# Finetuning Dataset with Cross-Encoder

## Process
- Download the QASPER Dataset from HuggingFace Hub using Datasets Library (https://huggingface.co/datasets/allenai/qasper)
- From the train and test splits of the dataset extract 800 and 80 samples respectively

- Use the 800 samples collected from train data which have the respective questions framed on a research paper to generate a dataset in the respective format required for CrossEncoder finetuning. Currently the format we use is that a single sample of fine tune data consists of two sentences(question and context) and a score either 0 or 1 where 1 shows that the question and context are relevant to each other and 0 shows they are not relevant to each other.

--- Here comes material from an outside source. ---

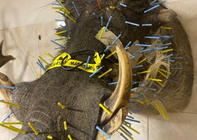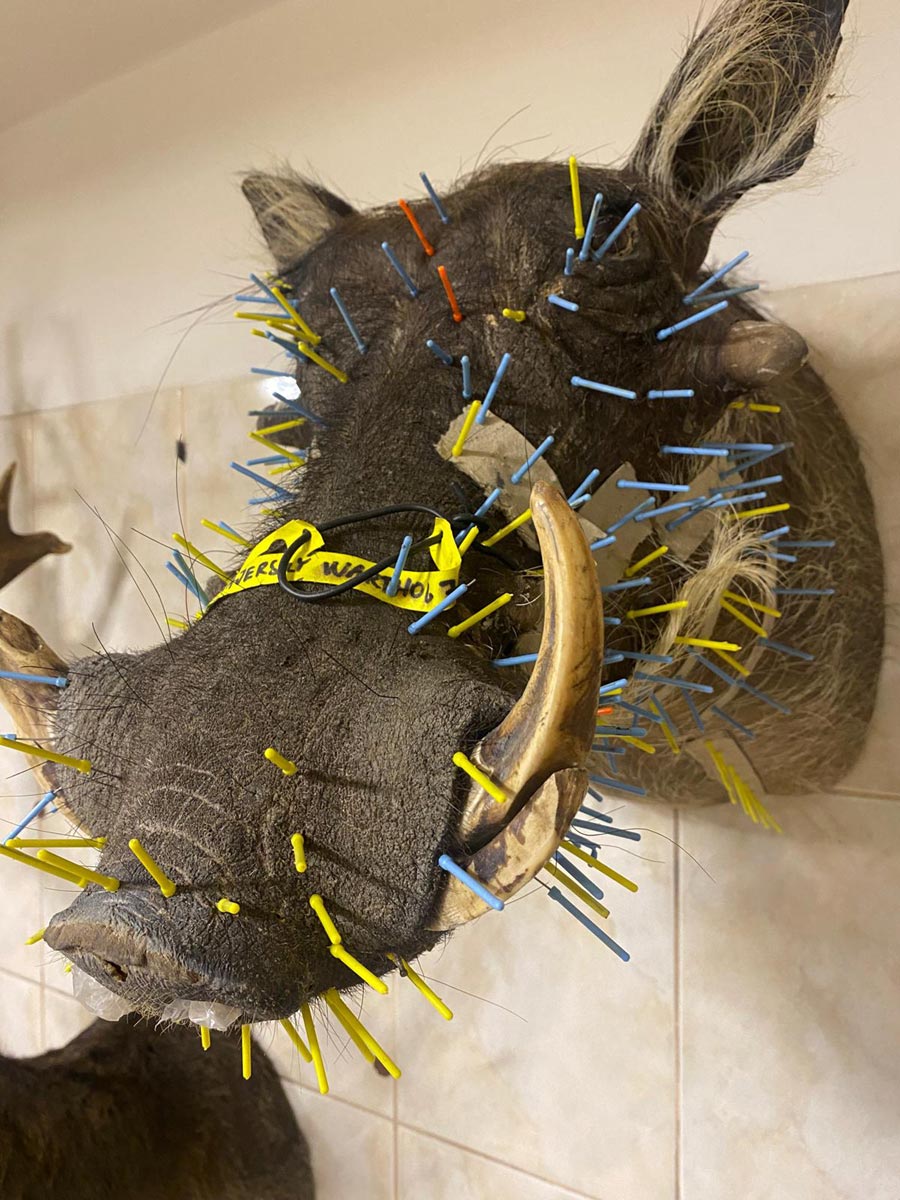 U velkých zvířat – medvěda, lva, leoparda, kudu i prasat savanových – se může počet špendlíků vyšplhat do stovek.

- Use the 100 samples of test set to extract two kinds of evaluation datasets

- Rag Eval Dataset:
    - One dataset consists of samples where a single sample consists of a research paper content, list of questions on the research paper, answers of the list of questions on the research paper. While forming this dataset we keep only questions which have long answers/ free-form answers for better comparision with RAG generated answers.

- Reranking Eval Dataset:
    - The other datasets consists of samples where a single sample consists of the research paper content, list of questions on the research paper, list of contexts from the research paper contents relevant to each question

- We finetuned the cross-encoder using helper utilities written in llamaindex and push it to HuggingFace Hub using the huggingface cli tokens login which can be found here:- https://huggingface.co/settings/tokens

- We evaluate on both datasets using two metrics and three cases
    - Just BAAI/bge-small-en embeddings without any reranker
    - BAAI/bge-small-en embeddings combined with cross-encoder/ms-marco-MiniLM-L-12-v2 as reranker
    - BAAI/bge-small-en embeddings combined with our fine-tuned cross encoder model as reranker

- Evaluation Criteria for each Eval Dataset
  - F1-score metric in original paper
  - Hits metric:- For evaluating the Reranking Eval Dataset we just simply use the retriever+ post-processor functionalities of LLamaIndex to see in the different cases how many times does the relevant context gets retrieved and call it the hits metric.
  - RAGAS metric:- A third party  

## Load the Dataset

In [33]:
from qasper_data.qasper_dataset import QasperDataset
seed = 42
train_dataset = QasperDataset("train", seed=seed)
test_dataset = QasperDataset("test", seed=seed)
validation_dataset = QasperDataset("validation", seed=seed)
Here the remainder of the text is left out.